Os testes empregados para a classificação de um determinado verbo, segundo o quadro sinótico abaixo, envolvem a detecção de um esquema temporal que se define, portanto, pelos traços [durativo/pontual] e [télico/atélico]; os verbos de estado se destacam ainda pelo traço [- dinâmico], em oposição a todos os outros. A noção de

inerência remete ao fato de que a classificação se dá num nível lexical, mas o próprio

Vendler reconhece que a classificação de um mesmo verbo pode ser diferente, dependendo de especificidades de outros elementos envolvidos no predicado, ou seja, no nível da sentença.

6

Estes casos de restrição categórica, imposta pela classe verbal, nas línguas francesa e inglesa serão retomados e melhor exemplificados no capítulo 5, quando da apresentação dos resultados da análise quantitativa.

accomplishments

[+ dinâmico] [+ durativo] [+ télico]

aceitam a pergunta "quanto tempo levou para...?, mas não aceitam "por quanto tempo...?"

Quanto tempo levou para você correr uma

milha?

*Por quanto tempo você corre / está correndo uma milha?

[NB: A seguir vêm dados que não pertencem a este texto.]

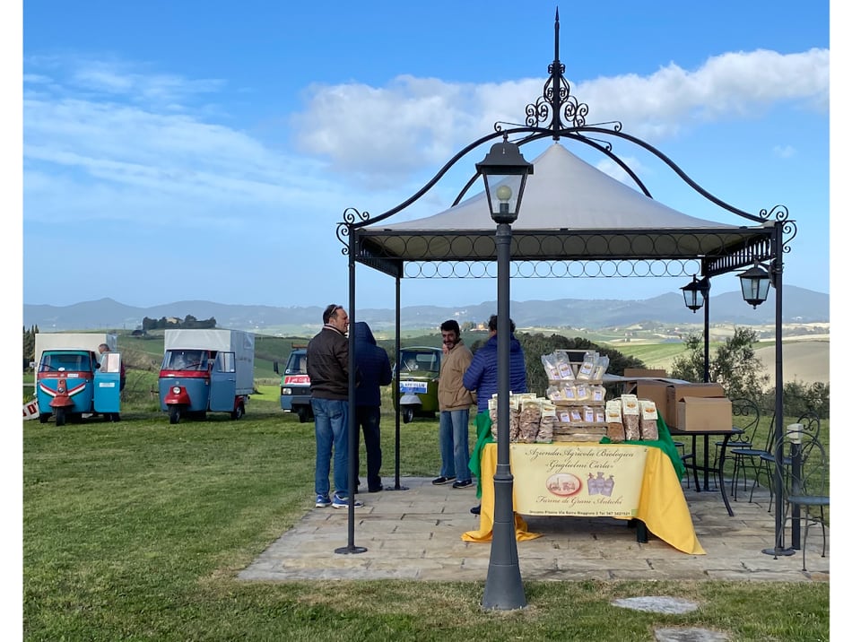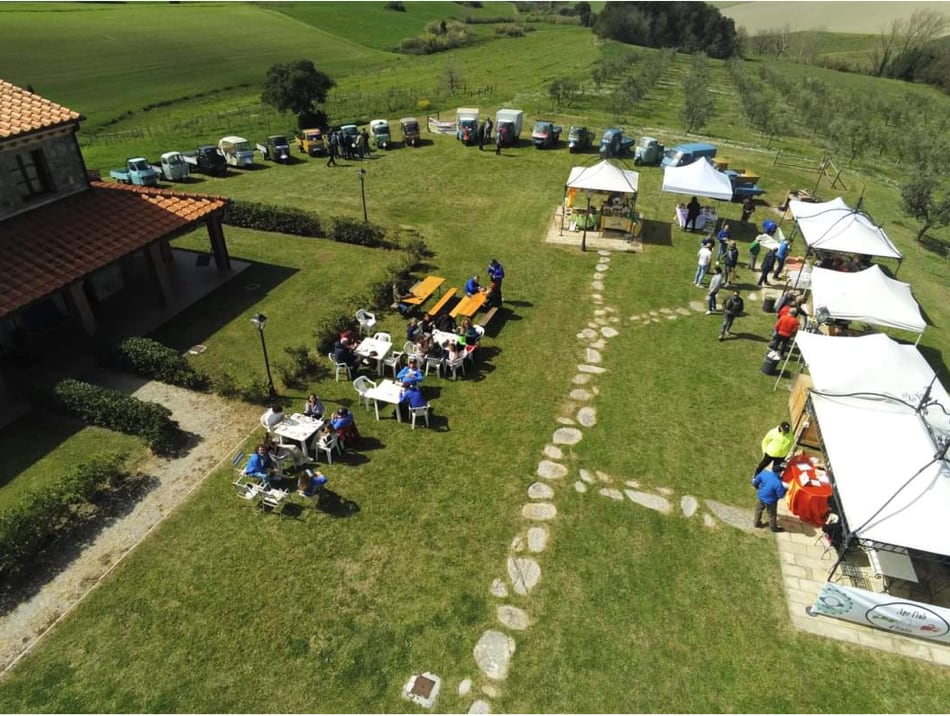 Il sabato è stato dedicato poi alla scoperta del territorio, della location dell’Ape Village presso il resort Poggio della Pieve pronto ad accogliere gli ‘Apisti’ (Ape fans), e dove i produttori della rete di imprese Colli Pisani ha allestito una esposizione di prodotti tipici e stand enogastronomici; a pranzo, i radunisti hanno potuto assaggiare specialità tipiche Toscane, tra salumi, formaggi e buon vino, en plein air immersi nella natura.

escrever o livro, corrigir a(s) prova(s)

atividades [+ dinâmico] [+ durativo] [- télico]

aceitam a pergunta "por quanto tempo...?", mas não aceitam "quanto tempo levou para...?"

Por quanto tempo você trabalha / está

trabalhando?

* Quanto tempo levou para você trabalhar?

escrever, corrigir prova(s), correr

estados [- dinâmico] [+ durativo] [- télico] correspondem à pergunta "há quanto tempo...?"

Há quanto tempo você tem /*está tendo esse carro?

gostar, querer, saber

achievements

[+ dinâmico] [- durativo] [+ télico]

correspondem à pergunta "quando...? / a que horas..."

A que horas você chegou? Quando ele morreu?

cair, terminar

Duas observações devem ser feitas a respeito desse quadro. Inicialmente, a primeira grande distinção observada por Vendler 1967 para os verbos em inglês, de acordo com a qual estados e achievements não podem ser conjugados na perífrase correspondente a EG, não é totalmente válida em português:

(01) Eu estou gostando de ir ao cinema durante a semana. (02) * Eu estou tendo um carro.

(03) Ele está morrendo. (04) As pessoas estão morrendo.

Diferentemente do inglês, estativos podem ocupar a posição de verbo principal com EG. O exemplo (02) traz um caso especial em PB, que se assemelha ao inglês. Quanto aos achievements, embora sejam possíveis com EG, elementos quantificadores levam a diferentes interpretações - o aspecto em (03) é o progressivo, e em (04) a leitura mais direta é a iterativa.

A segunda observação é a de que os exemplos de verbos accomplishment e de atividade dispostos no quadro acima ilustram o que notamos anteriormente: um mesmo verbo, enquanto item lexical, pode ser classificado diferentemente dependendo da natureza semântica de seu argumento interno (corrigir prova vs. corrigir a prova vs.

corrigir as provas), ou ainda de sua transitividade (correr vs. correr uma milha).

No entanto, para os interesses da análise quantitativa que será posteriormente apresentada, mais saliente que a classificação dos verbos em si é a possível relação entre as classes e a seleção de EG ou TP na composição de dois valores aspectuais distintos. Por conta disso, a discussão da proposta vendleriana delineada acima é retomada logo antes da apresentação dos resultados, nos capítulos 4 e 5, dada sua pertinência à definição do contexto variável. Neste ponto, é preciso verificar como o durativo e o iterativo se distinguem, numa tipologia do aspecto.